Stored data:
● ● ●
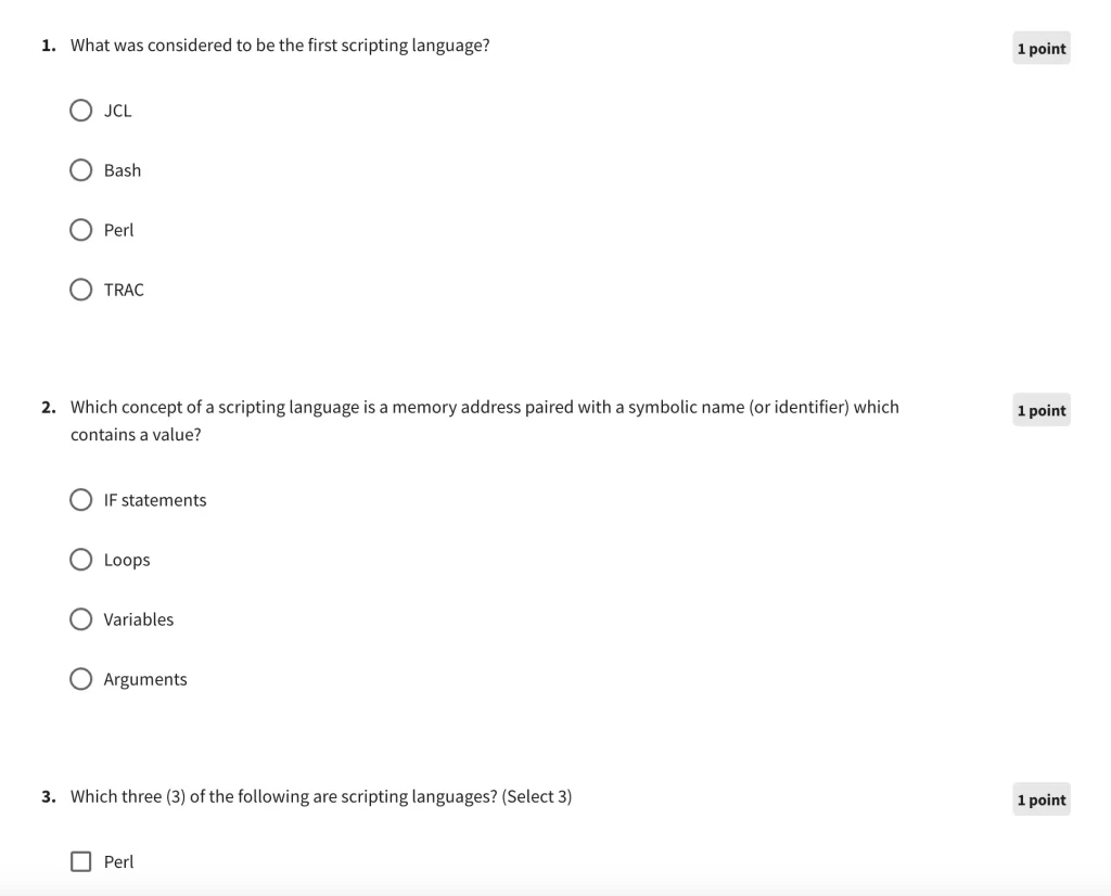 | Week 4 | Introduction to Scripting | 3 hours |
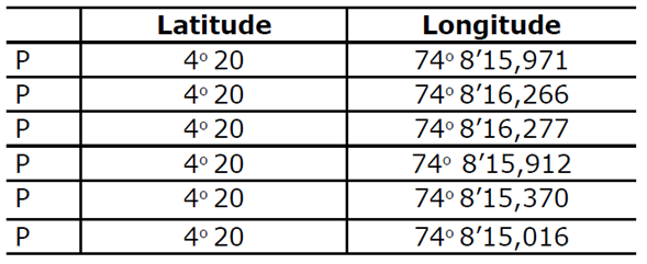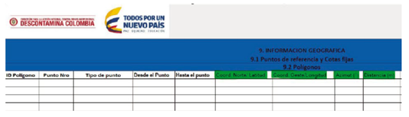 For the Colombian case, the National Mine Action Authority in the document “National Standard of Non-Technical Survey”, states in the section Mapping and Polygons Drafting, that all the georeferenced information of minefields must be stored in the geographic coordinates system, in decimal degrees and using the DATUM WSG84 (Descontamina Colombia, 2016). This means that all geographical information that allows the localisation and drafting of areas that determine the size of a minefield, as well as each of its vertices, must have the coordinates for latitude and longitude. More specifically in the report hazardous area and / or hazardous area confirmed document in which Descontamina Colombia collects detailed information on minefields, under section 9 (GEOGRAPHIC INFORMATION), there is a request to enter each vertex that makes up the polygon, in turn, its geographical coordinates (Latitude and Longitude) and the azimuth and the distance between vertices, see Figure 5 (Descontamina Colombia, 2018).
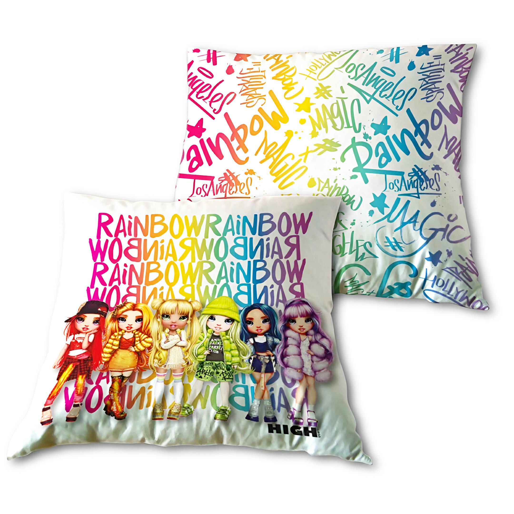 Farbenfrohes Design: Beidseitig bedruckt mit Rainbow High-Charakteren und lebendigem Schriftzug – ein echter Hingucker.
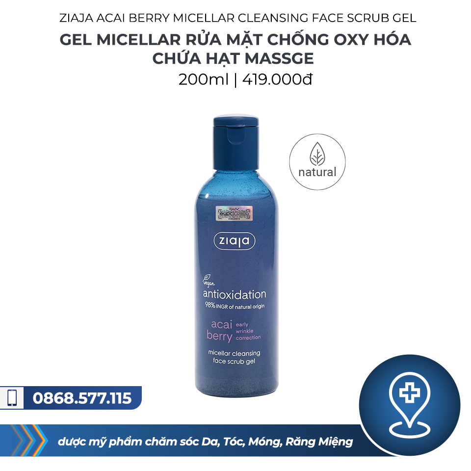 | Tên sản phẩm | : | Ziaja Acai Berry Antioxidation Micellar Cleansing Face Scrub Gel 200ml - Gel Micellar rửa mặt Chống Oxy hóa chứa hạt massage |
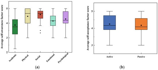 Figure 8. Box plots of factor scores: (a) self-awareness; (b) self-acceptance. - (2)
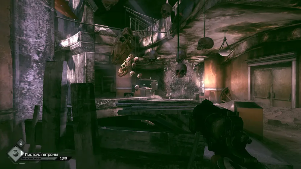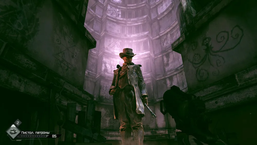 Спускаемся вниз по лестнице и нас атакует мутант, вот он замахивается для последнего удара, но его пронзает пуля, а потом и следующего спасителя.
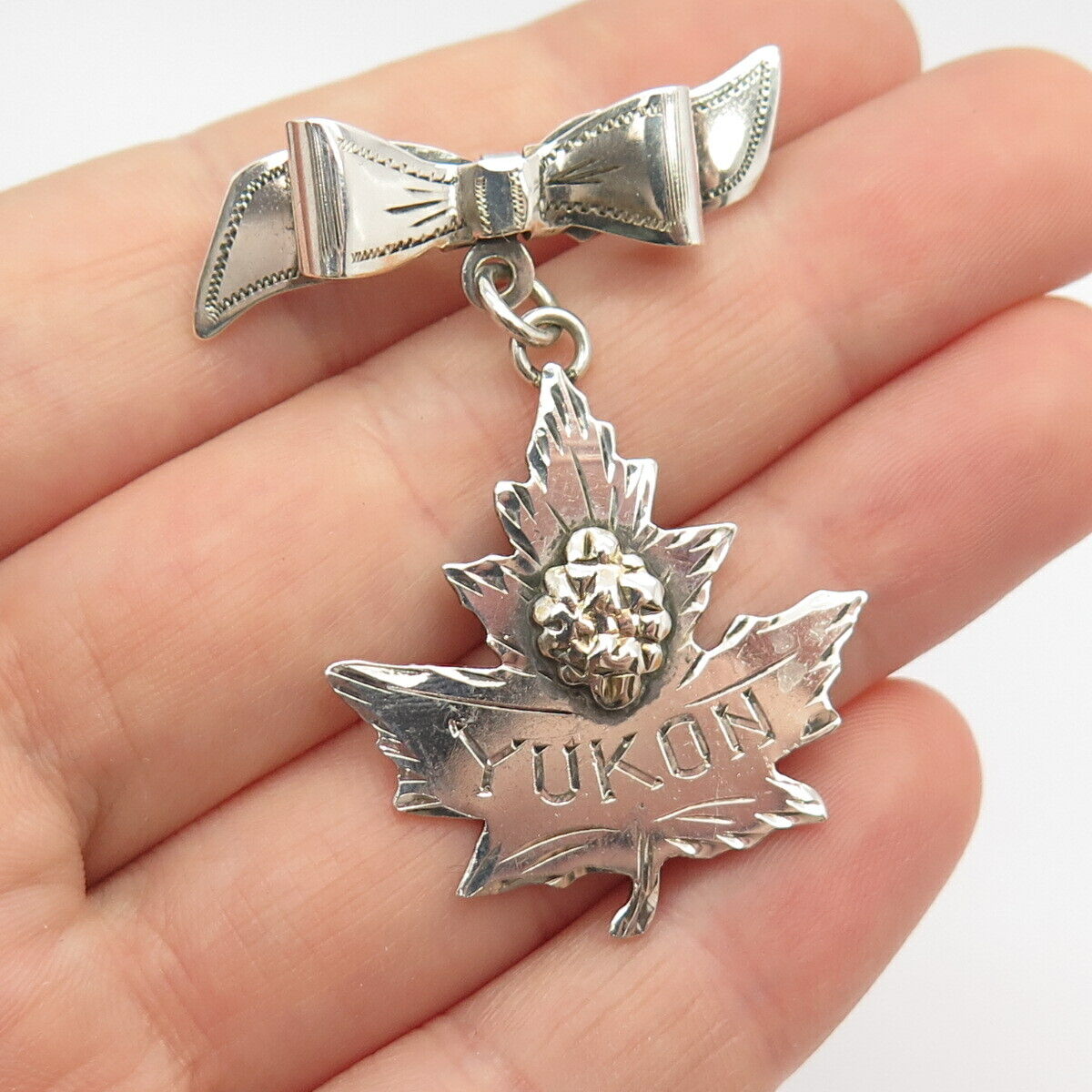 925 Sterling Silver Antique "Yukon" Maple Leaf Pin Brooch
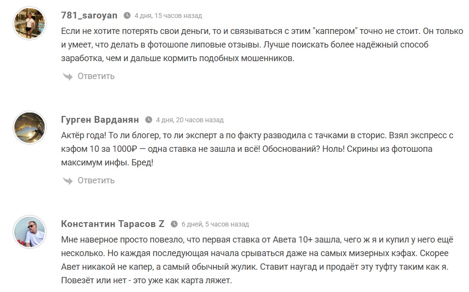 Одна из схем развода — экспрессы с космическими коэффициентами от 10+. Беттеры знают, что ставки на такие прессы приведут к сливу банка. Капер играет на доверии и продает «паровозы» от 2 500 рублей. Есть вип-чат, где позиционируется якобы премиум-контент с отчетами только с плюсами, скринами положительных результатов. Но их легко подделать. Статистика сомнительна, доход большинства пользователей на дистанции близок к нулю.
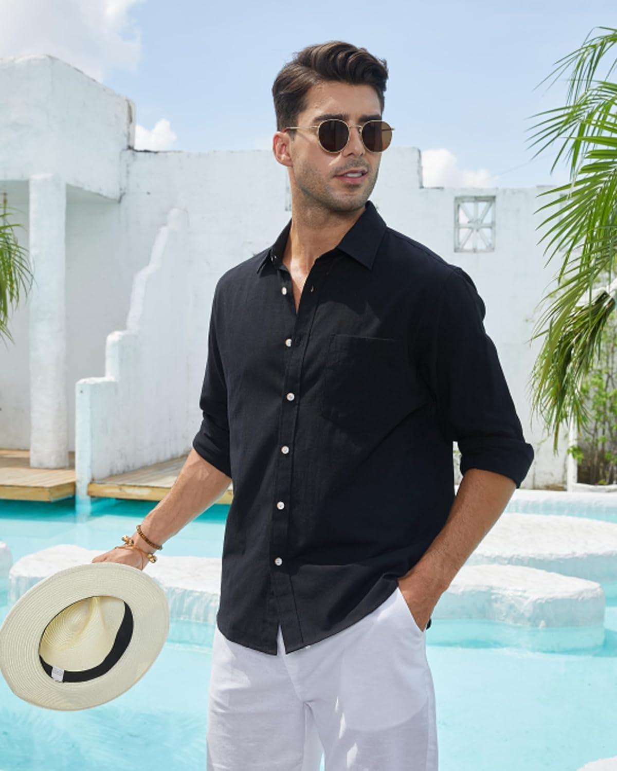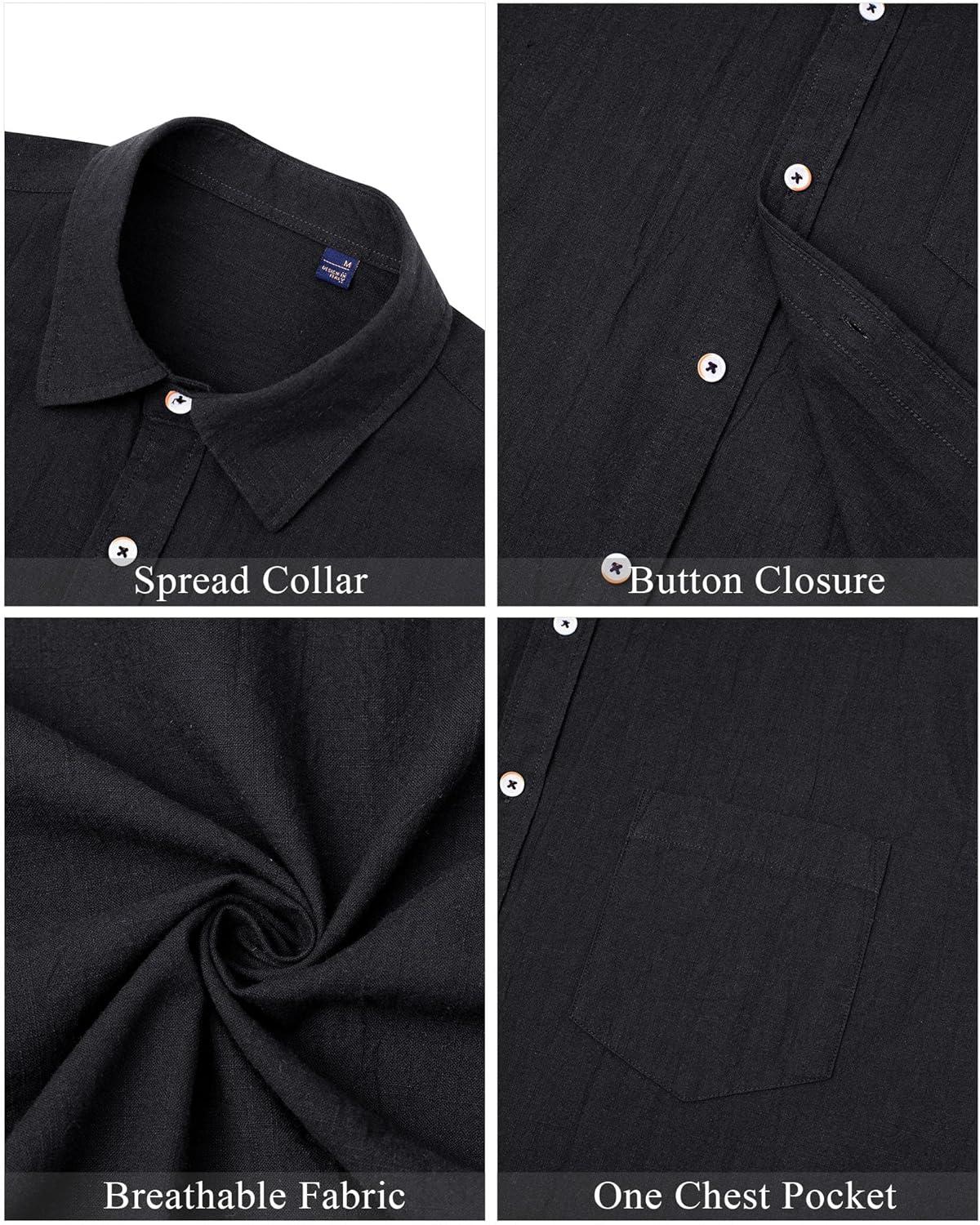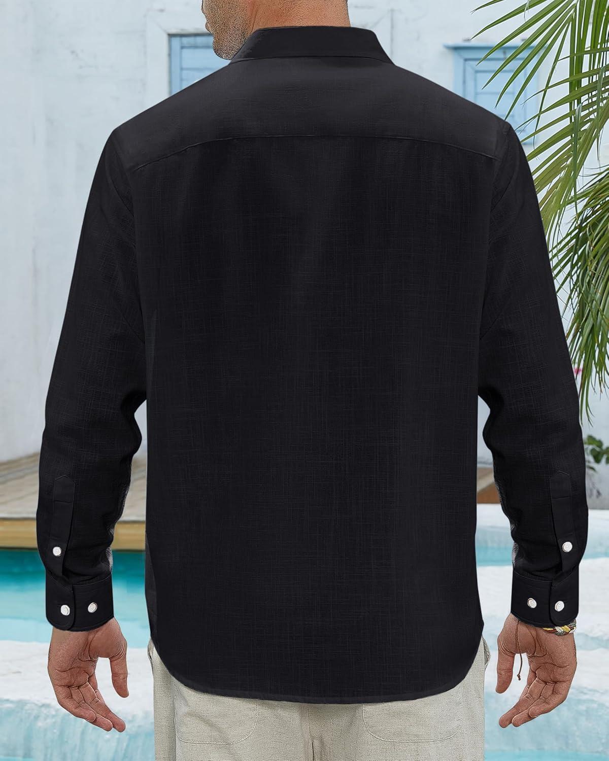 J.VER Men's Linen Shirts Casual Button Down Long Sleeve Shirt Solid Spread Collar Summer Beach Shirts with Pocket(Black)
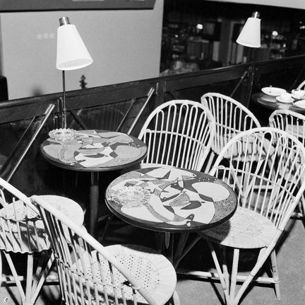 Stureplan 2, Restaurang Regnbågen är ombyggd och nyinredd. Stig Lindbergs emaljerade bord på läktaren
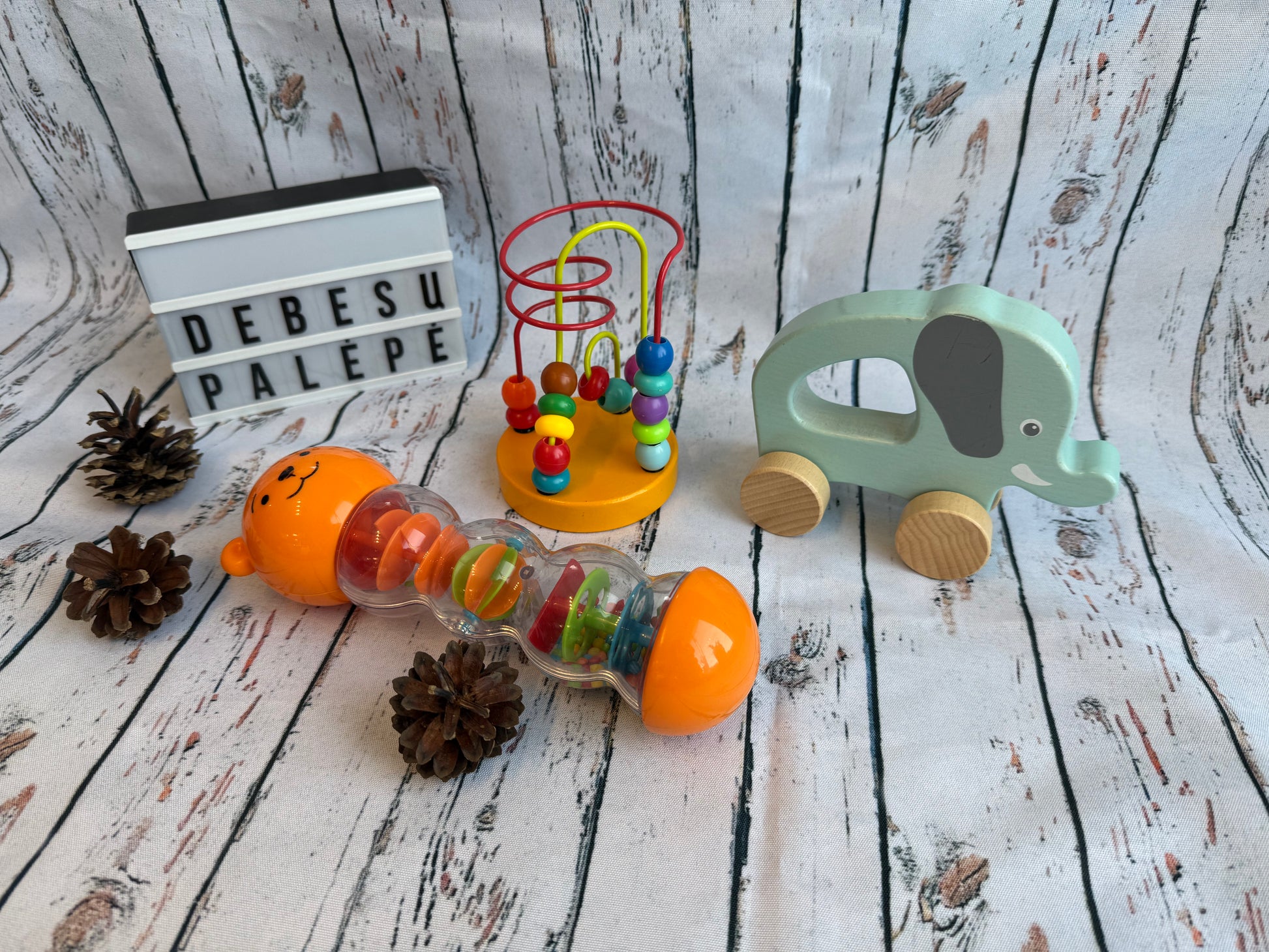 Žaismingas ir lavinantis naudotų, bet puikios būklės žaislų rinkinys, sukurtas mažylių motorikai, smalsumui ir pojūčių pasauliui pažadinti!
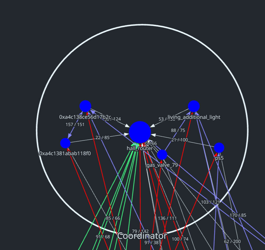 И да и нет, я хочу попробовать вынести координатор ближе к центру, но надо понимать, что координатор может держать порядка 8-15 конечных устройств. На малых сетях это может иметь смысл, на 20-30 координатор уже теряет свою актуальность и большая часть устройств будет висеть на роутерах
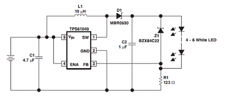 以下電路可生成 101mA 的恒定電流,能為 PDA 和數(shù)碼相機(jī)等便攜式應(yīng)用驅(qū)動高達(dá) 6 個白色 LED">LED。其輸入電壓工作范圍為 1.8 V 至 6 V,可以采用兩節(jié)堿性電池或鎳氫電池輸入(1.8 V 到 ~3 V)、三節(jié)堿性電池或鎳氫電池輸入(2.7 V 到 ~4.8 V)以及單體鋰離子電池輸入(3 V~4.2 V)。這種升壓轉(zhuǎn)換器采用 R1 來設(shè)置流過 LED">LED 的恒定電流。TPS61040 產(chǎn)品說明書 (SLVS413) 給出了本電路的詳細(xì)描述。
● ● ●
◆ Work instructions ◆
Work from the entries above. Set down exactly and only the lines from the line with "For the Colombian" to the line with "925 Sterling Silver", both included, and leave the pictures out.

◆ Your response ◆
 For the Colombian case, the National Mine Action Authority in the document “National Standard of Non-Technical Survey”, states in the section Mapping and Polygons Drafting, that all the georeferenced information of minefields must be stored in the geographic coordinates system, in decimal degrees and using the DATUM WSG84 (Descontamina Colombia, 2016). This means that all geographical information that allows the localisation and drafting of areas that determine the size of a minefield, as well as each of its vertices, must have the coordinates for latitude and longitude. More specifically in the report hazardous area and / or hazardous area confirmed document in which Descontamina Colombia collects detailed information on minefields, under section 9 (GEOGRAPHIC INFORMATION), there is a request to enter each vertex that makes up the polygon, in turn, its geographical coordinates (Latitude and Longitude) and the azimuth and the distance between vertices, see Figure 5 (Descontamina Colombia, 2018).
 Farbenfrohes Design: Beidseitig bedruckt mit Rainbow High-Charakteren und lebendigem Schriftzug – ein echter Hingucker.
 | Tên sản phẩm | : | Ziaja Acai Berry Antioxidation Micellar Cleansing Face Scrub Gel 200ml - Gel Micellar rửa mặt Chống Oxy hóa chứa hạt massage |
 Figure 8. Box plots of factor scores: (a) self-awareness; (b) self-acceptance. - (2)
 Спускаемся вниз по лестнице и нас атакует мутант, вот он замахивается для последнего удара, но его пронзает пуля, а потом и следующего спасителя.
 925 Sterling Silver Antique "Yukon" Maple Leaf Pin Brooch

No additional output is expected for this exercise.